* [Input for this task]:
────────

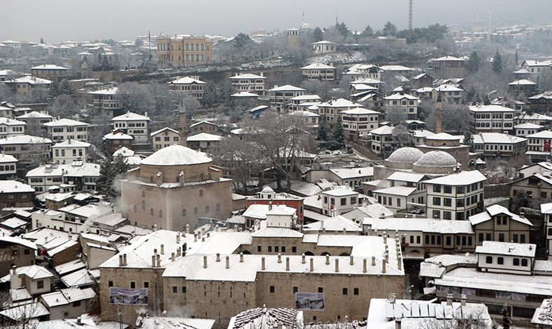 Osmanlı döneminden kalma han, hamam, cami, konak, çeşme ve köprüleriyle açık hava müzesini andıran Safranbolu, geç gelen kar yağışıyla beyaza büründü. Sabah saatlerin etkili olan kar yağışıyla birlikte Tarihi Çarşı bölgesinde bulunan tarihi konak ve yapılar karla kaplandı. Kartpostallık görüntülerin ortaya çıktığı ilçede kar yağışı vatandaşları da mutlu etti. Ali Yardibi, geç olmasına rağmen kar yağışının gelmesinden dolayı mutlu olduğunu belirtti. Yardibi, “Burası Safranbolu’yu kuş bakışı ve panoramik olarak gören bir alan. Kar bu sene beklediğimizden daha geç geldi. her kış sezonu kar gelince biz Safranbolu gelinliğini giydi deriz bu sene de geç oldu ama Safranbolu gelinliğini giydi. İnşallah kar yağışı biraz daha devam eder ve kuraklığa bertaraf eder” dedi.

────────

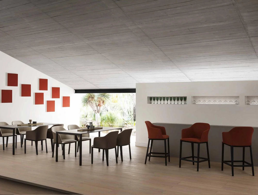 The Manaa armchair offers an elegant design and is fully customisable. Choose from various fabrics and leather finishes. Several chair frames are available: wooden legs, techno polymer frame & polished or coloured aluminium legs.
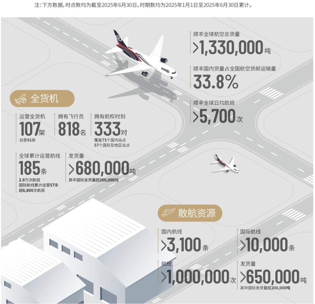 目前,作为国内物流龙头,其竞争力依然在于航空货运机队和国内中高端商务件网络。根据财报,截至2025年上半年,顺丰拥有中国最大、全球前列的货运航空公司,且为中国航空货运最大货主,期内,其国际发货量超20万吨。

────────

* [Try it]: Copy everything above from the line holding "The Manaa armchair" down to the line holding "目前,作为国内物流龙头,其竞", both ends included, exactly as it stands and without the pictures.

* [Final answer]:
 The Manaa armchair offers an elegant design and is fully customisable. Choose from various fabrics and leather finishes. Several chair frames are available: wooden legs, techno polymer frame & polished or coloured aluminium legs.
 目前,作为国内物流龙头,其竞争力依然在于航空货运机队和国内中高端商务件网络。根据财报,截至2025年上半年,顺丰拥有中国最大、全球前列的货运航空公司,且为中国航空货运最大货主,期内,其国际发货量超20万吨。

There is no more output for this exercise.